本や調理器具など重いものを載せすぎて、ある日突然棚が崩落してお部屋の壁や床を傷つけてしまった、という失敗は少なくありません。

直置き家具の重みで床に凹み跡がつく

デッドスペースにぴったりな直置きの棚やワゴンを作った際、重いものを収納し続けると、クッションフロアなどの柔らかい床材にキャスターや脚の跡がくっきりと残ってしまうことがあります。
対策としては、脚の下に保護マットを敷くなどが挙げられます。

サイズをしっかり測らずに材料を購入してしまう

「だいたいこれくらい」と感覚で木材やシートを買ってしまうと、数ミリのズレで設置できなかったり、隙間に入らなかったりします。
ホームセンターの木材カットサービスなどを利用する際は、必ず事前に細部までミリ単位で計測しておきましょう。

おわりに

賃貸住宅であっても、アイテム選びや設置方法を工夫すれば、DIYを楽しむことは十分に可能です。

今回ご紹介した突っ張り収納や棚受け金具の活用、安全に配慮した壁面アレンジなどを取り入れることで、壁や床へのダメージを最小限に抑えながら、自分好みの理想の空間づくりを進めることができます。

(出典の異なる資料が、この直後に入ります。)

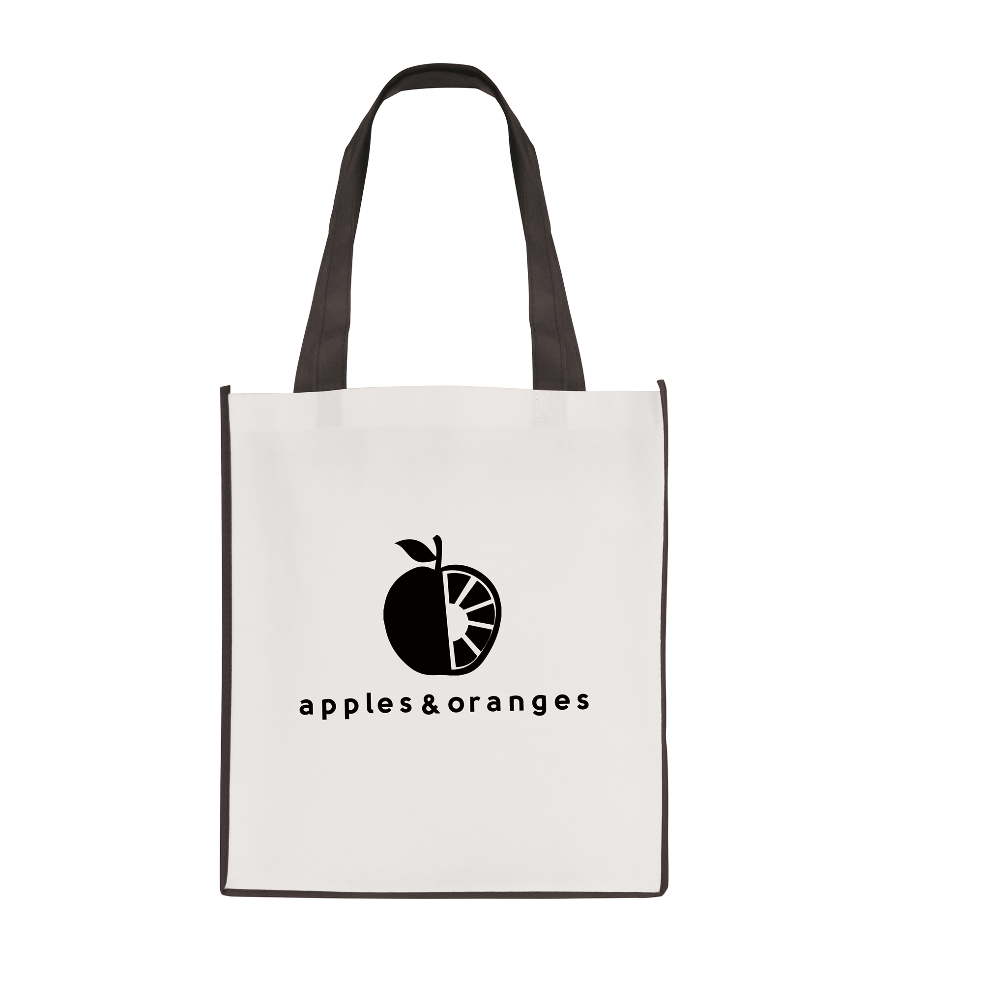 QB3006BK WHITE non woven PP shopper with BLACK coloured piping trim, and handles 2142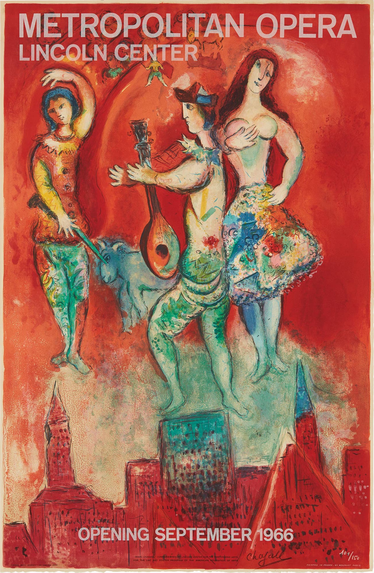 Signed in black crayon and numbered 101/150 in white crayon (there was also an edition of 200 without text and a poster edition of 3,000), published by the Metropolitan Opera, New York, framed.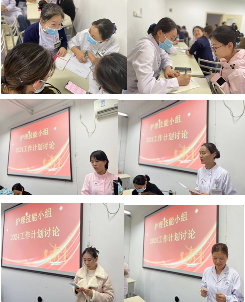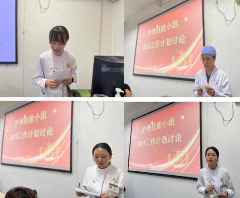 首先,李英副组长发言,肯定了小组成员工作的付出与取得的成绩。随后,肿瘤内科安静雪、重症医学科王丽、呼吸与危重症一科聂俊莹、急诊内科赵雪云分别进行了护理操作案例分享及科室培训工作经验分享,大家受益匪浅。陈转红副组长对2023年工作进行全面总结,提出技能小组要以“规范、精准、专业、引领”为理念,做好科室的技能培训工作,尤其做好3年内护士技能培训,不局限于传统的技能培训模式,可从互联网+到院外技能指导等开创技能培训新领域。最后,11个技能专科小组进行2024年度工作计划讨论。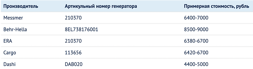 Проблема оригинальной запчасти в том, что её цена может составлять порядка 10-15 тысяч рублей. Есть и подержанные, но оригинальные агрегаты. Их цена в районе 2-4 тысяч рублей. Но на практике это не лучшее решение. Определить, какой ресурс остался в запасе у такого генератора, невозможно.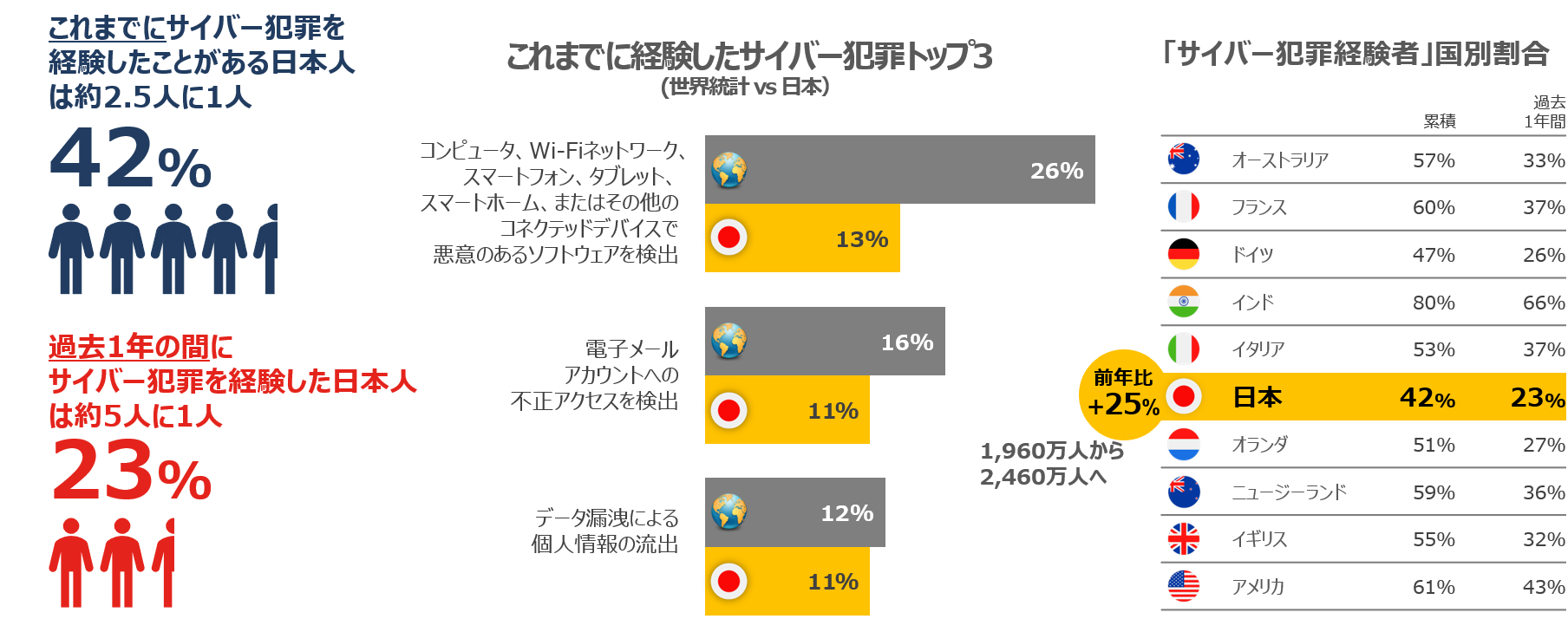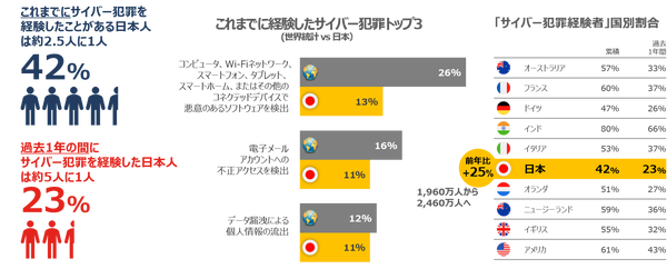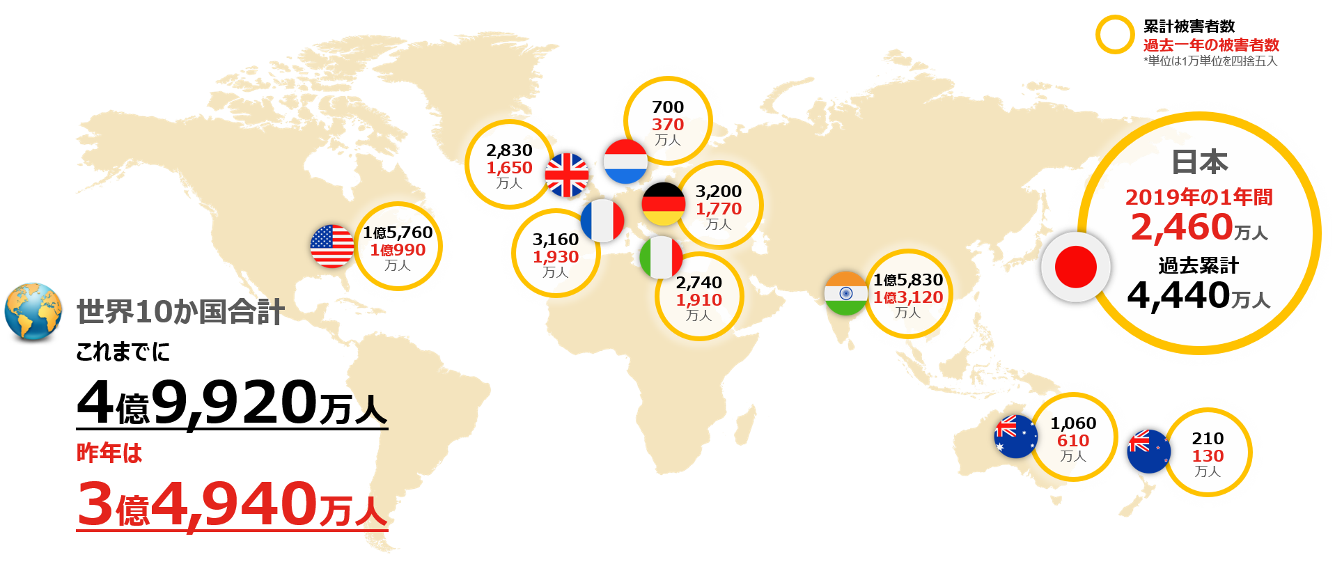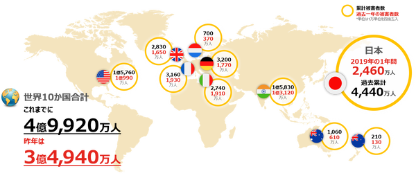それによると、サイバー犯罪の被害に遭ったことがある消費者は世界で約5億人、2019年だけで世界の約3億5千万人が被害に遭っている。日本人のサイバー犯罪被害者は累計で4,440万人。2019年の1年間では、サイバー犯罪被害を受けた日本の消費者は、2,460万人だった。これは前年2018年の1,960万人から約25%増となる。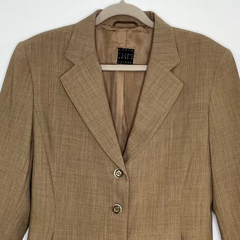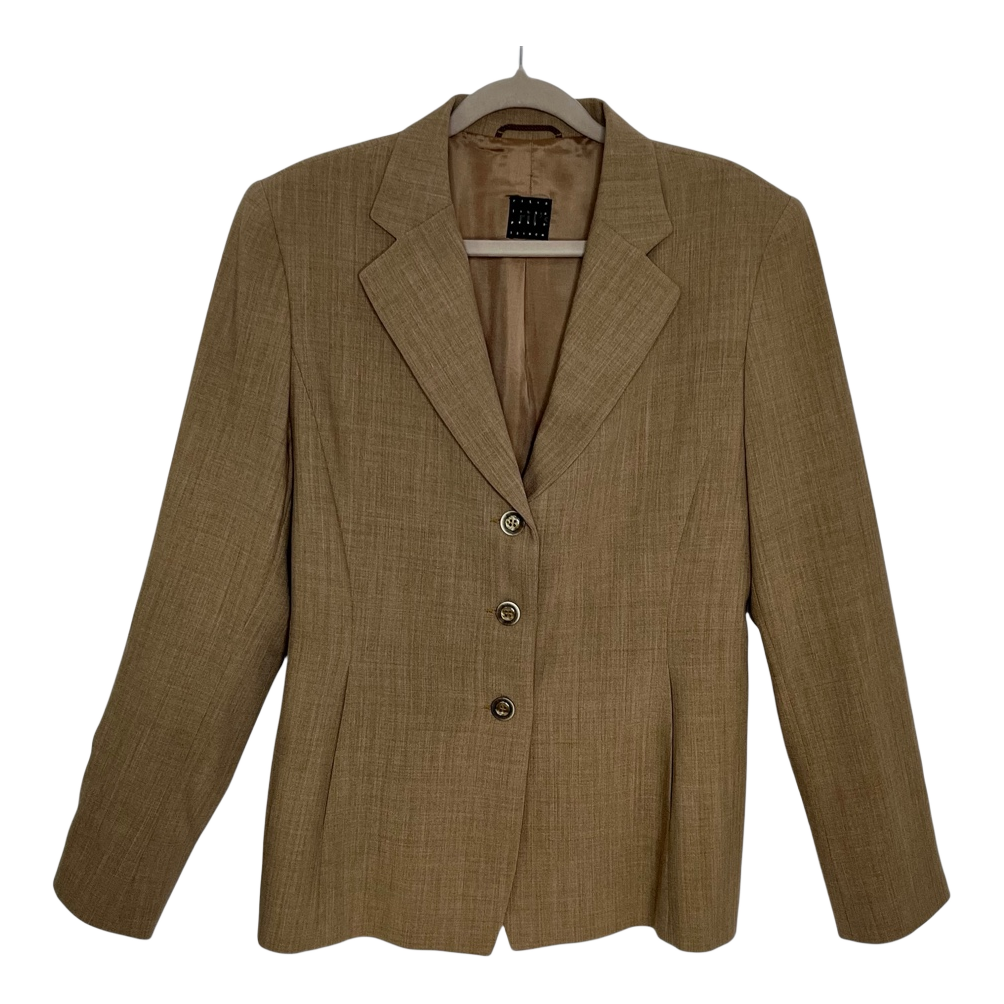 Beige women's blazer. Size 38. Made from a blend of polyester, wool and elastane.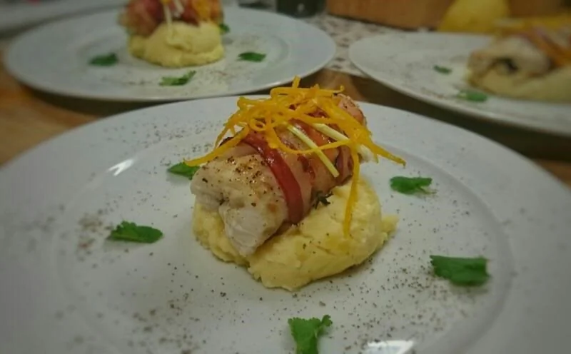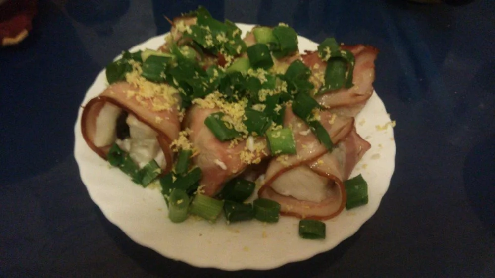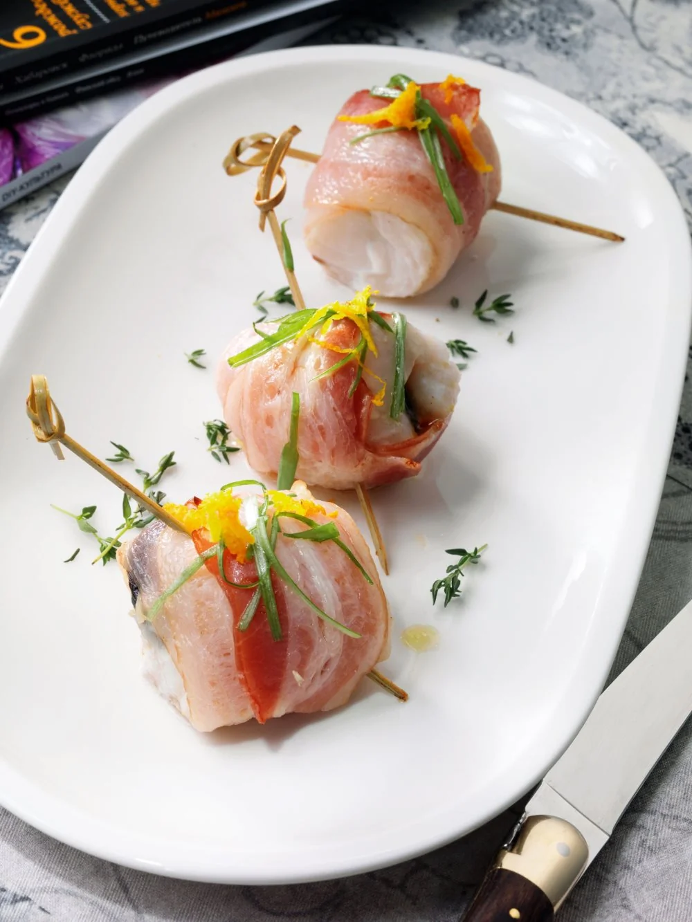 ШАГ 2 Дальше — завернуть филе в тонкие ломтики бекона (нежирного) и пришпилить бекон к рыбе шпажкой, чтобы не развернулся при запекании.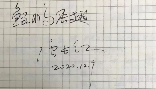 2020年12月,在“运-20”总师唐长红院士的座谈会上,康泽禹有幸与唐院士面对面交流。座谈会后,唐院士在他的笔记本上写了“鲲鹏展翅”四个字,这使他受到了极大的勉励,更加坚定了自己从事航空航天事业的信心。

最も大切なのは、常に「退去時の原状回復」を頭の片隅に置いて計画することです。
不動産会社や大家さんとのトラブルを防ぐためにも、無理に大掛かりな施工を行うのではなく、まずは床に直置きできる小さな家具や、手軽な収納の改善から始めてみてはいかがでしょうか。

お部屋のイメージチェンジを通して、今よりもっと愛着の湧く、快適な住空間づくりをぜひ楽しんでみてください。